Focus on your customers and lead your employees like their lives depend on it”

Mrs. Mulcahy then goes on to discuss her experience during the Xerox turnaround and the leadership lessons that defined her tenure. The highlights from my notes:

· Good leaders listen, with a bias for action.

· Trust your management instincts. Companies love data, but sometimes you must trust your experience and gut.

· Create clear accountability and good aligned goals to guide the organization.

· People need a vision. Even though Rome was burning, people wanted to know the future. Her team wrote out an article of what Xerox would look like in 5 years, which built optimism.

· Invest for the best of times, even at the worst of times. Critics wanted Xerox to cut R&D, but they didn’t. Now 2/3rds of revenue comes from products that are less than 2 years old.

· Keep communicating, don’t go underground. Nothing beats face to face communications, aligns people to the goals and do not go underground.

· Remain customer focused. Spend time with customers, and continually ask ‘Would the customer pay for this?’

· Seek out the critics and look for critical feedback. Search it out, it is a blessing to find issues early on.

· Find the best talent. Hire people who are different, who have skills and views that are different then leverage those people to educate you.

· Lead by example, give credit to others and be humble.

An inspiring leader with a great story. Well worth the 30 minute investment to watch.

SUCCESS

An interesting Middle East quote shared with me today:

‘Success has 1000 fathers, but failure is an orphan’.

So true. Everyone flocks to the win and shuns the failure. Which is why I always say ‘Good news should travel fast, bad news faster’. If you are a sales rep and facing failure (i.e. A lost deal, missing quota), then you need to ensure you do not become that orphan. How do you do that?

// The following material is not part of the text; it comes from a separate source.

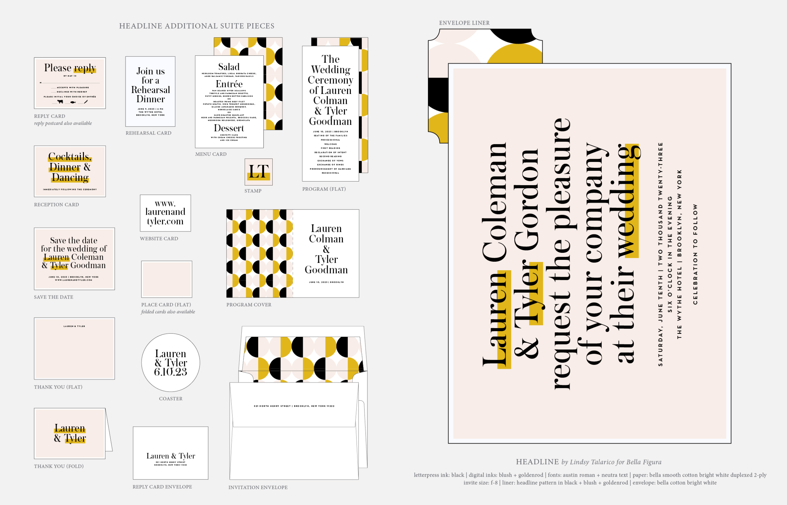 Retired Designs by Lindsy Talarico for Bella Figuraletterpress ink: black | digital inks: blush + goldenrod | fonts: austin roman + neutra text | paper: bella smooth cotton bright white duplexed 2-ply | invite size: f-8 | liner: headline pattern in black + blush + goldenrod | envelope: bella cotton bright white
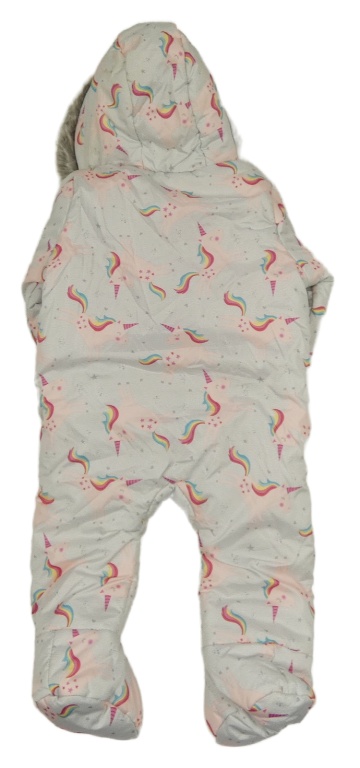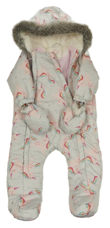 Svetlosivá melírovaná šušťáková zimná kombinéza s jednorožcami a kapucí + rukavice F&F

  • Make sure that all of the little things are done. Forecast accurately, do whatever internal things are required. Be on time to internal meetings. Be the picture of perfection. Demonstrate that you run a good business and that you are simply working through the issues and that your methods will win.
  • Don’t hide it. Be open about it. Deal going off the rails? Bring in executives, talk through it with your manager, let people know. If you are working on a deal and you lose it without others being involved, you will be an orphan because of YOUR own choice. But if everyone is involved, there is no one to blame. It is a shared loss.
  • Remain accountable. It is fine to blame M&E activity or something in the market, as external factors often have an impact. But, if you always end that with ‘That being said, we are driving a good business, working through the issues and ensuring we do everything to right the boat’, then people will have confidence that your actions and leadership are having an impact. They will be confident that you are the right person to lead through those tough times.

We all face tough times. It is the nature of sales and business. Good years. Bad years. But it is in the bad times that the true test of character happens and the greatness is seen in people. Something that applies to business and personal life.